6.1 Voting right limitation and representation

The Liechtensteinische Landesbank has issued bearer shares. At the Liechtensteinische Landesbank’s General Meeting of Shareholders, each share carries one vote. In accordance with Art. 306a ff. of person and company law, the LLB shares held by the Liechtensteinische Landesbank itself and its subsidiaries (1'947'134 shares as at 31 December 2013) are not eligible to vote.

At the General Meeting of Shareholders, each shareholder can vote their own shares or authorize a third party to vote them by proxy.

6.2 Statutory quorum

At the General Meeting of Shareholders, a quorum is present if half of the share capital is represented. Provided that legal provisions do not stipulate to the contrary, the General Meeting passes its resolutions and decides its elections by an absolute majority of the votes cast.

6.3 Convening of the General Meeting of Shareholders

The Board of Directors convenes an ordinary General Meeting of Shareholders by invitation with a three-week period of notice. The meeting must be held within six months following the end of a business year. The invitation to the General Meeting is to be publicized in the official gazettes.

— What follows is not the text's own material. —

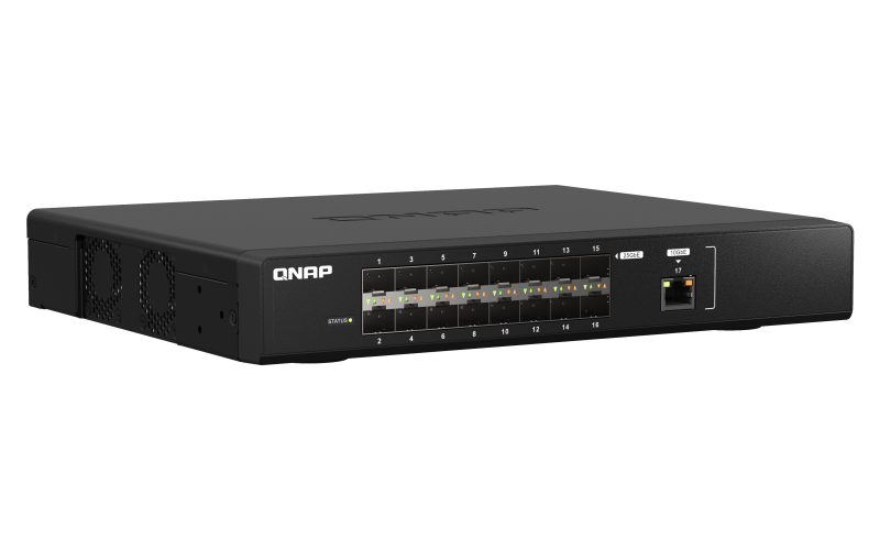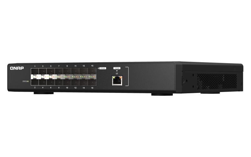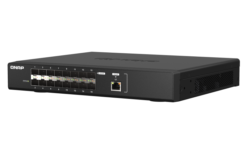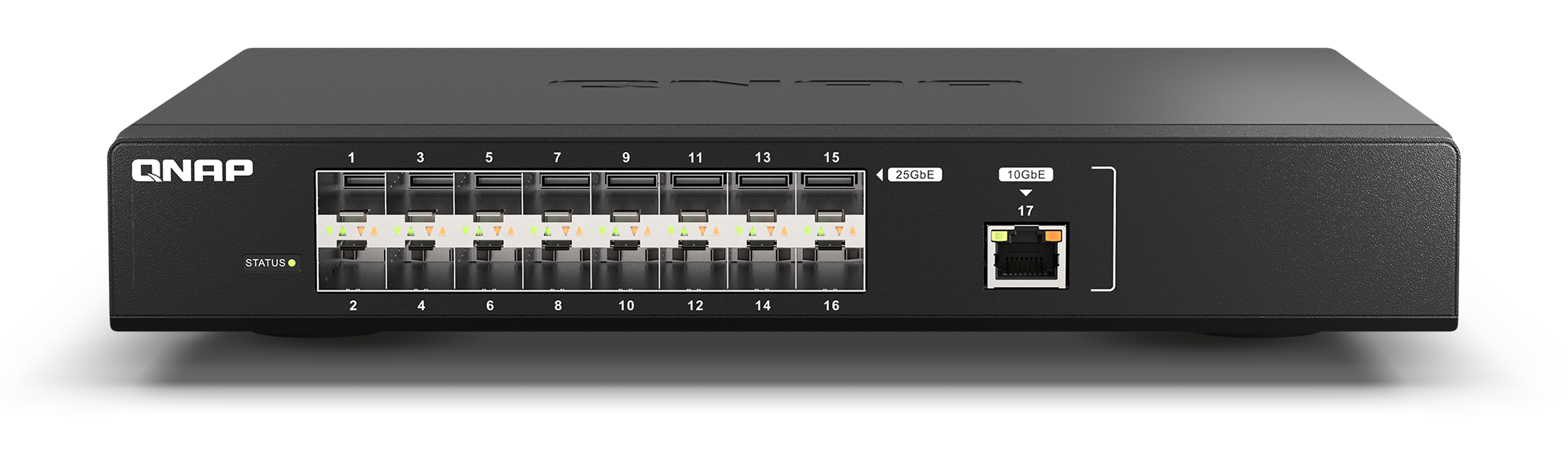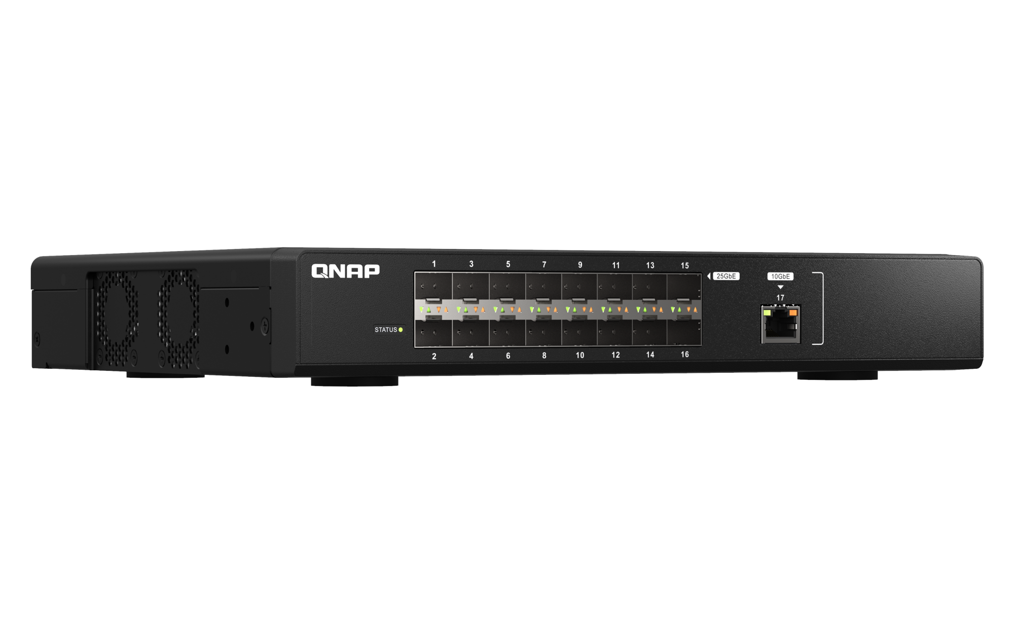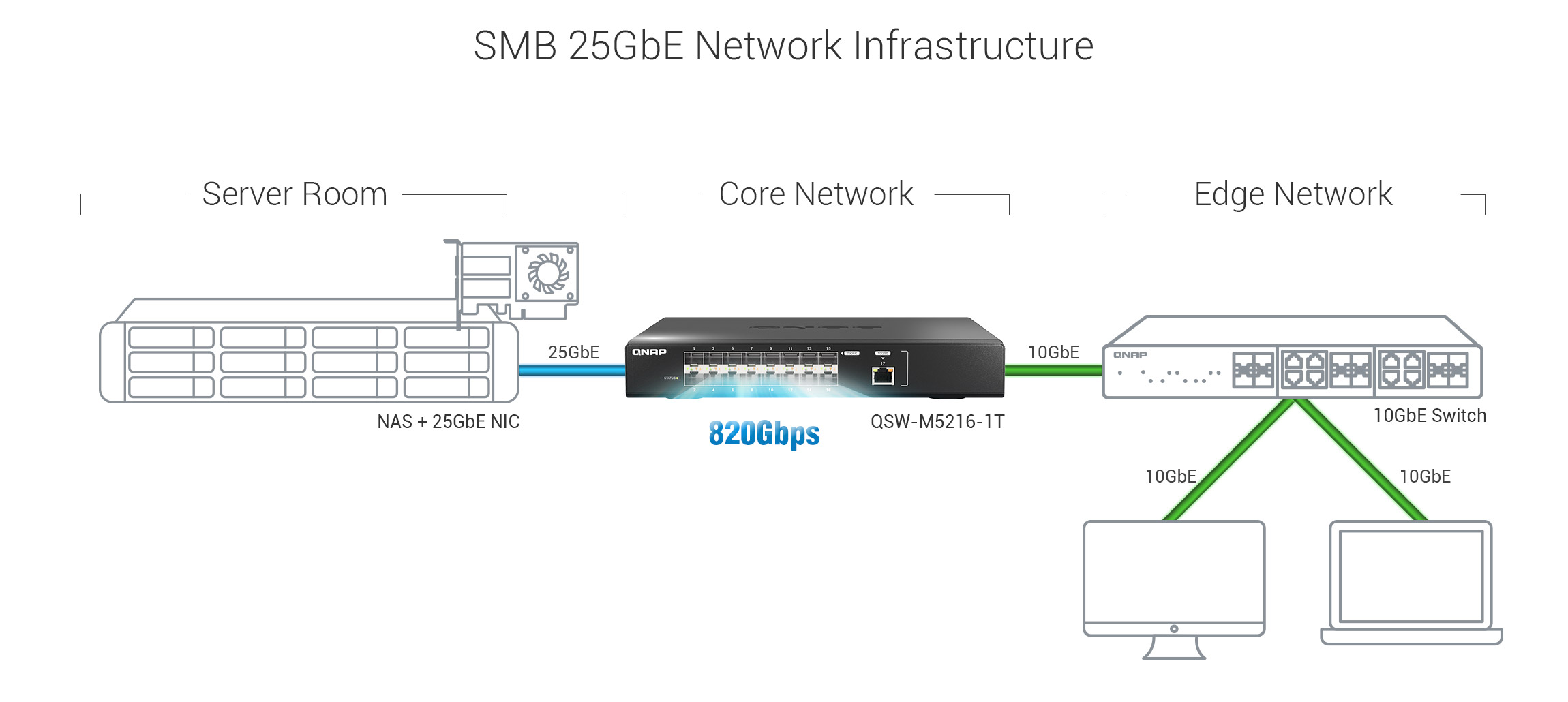The QSW-M5216-1T has sixteen 25GbE SFP28 fiber ports and offers backbone switching capacity of 820Gbps, guaranteeing the full potential of each port. The QSW-M5216-1T can serve as the core switch uplinking to 25G/100G Servers and NAS in server rooms or connecting to 25G/10G edge fiber switches.

The invitation must list the agenda to be dealt with at the meeting, the proposals of the Board of Directors and, in the event of elections, the names of the proposed candidates.

An extraordinary General Meeting may be convened by the Board of Directors if this is in the urgent interest of the Liechtensteinische Landesbank or at the request of one or more shareholders representing ten percent of the share capital.

6.4 Agenda

The Board of Directors specifies the agenda for the General Meeting in accordance with the Liechtensteinische Landesbank’s statutes. The statutes may be viewed at www.llb.li/statutes. Liechtenstein law on stock companies contains no regulations comparable in nature to the Swiss legal provisions (Art. 699, para. 3, OR), which stipulate the rights of shareholders in setting the agenda for General Meetings. However, legally stipulated minority rights do exist which ensure that signed and detailed items that are submitted to the Board of Directors may be placed on the agenda for discussion and resolution. At the present time, it is not possible to amend the statutes in favour of shareholders’ rights in setting the agenda on account of the binding rules of Liechtenstein company law.

6.5 Registration in the company’s share register

The Liechtensteinische Landesbank exclusively issued bearer shares.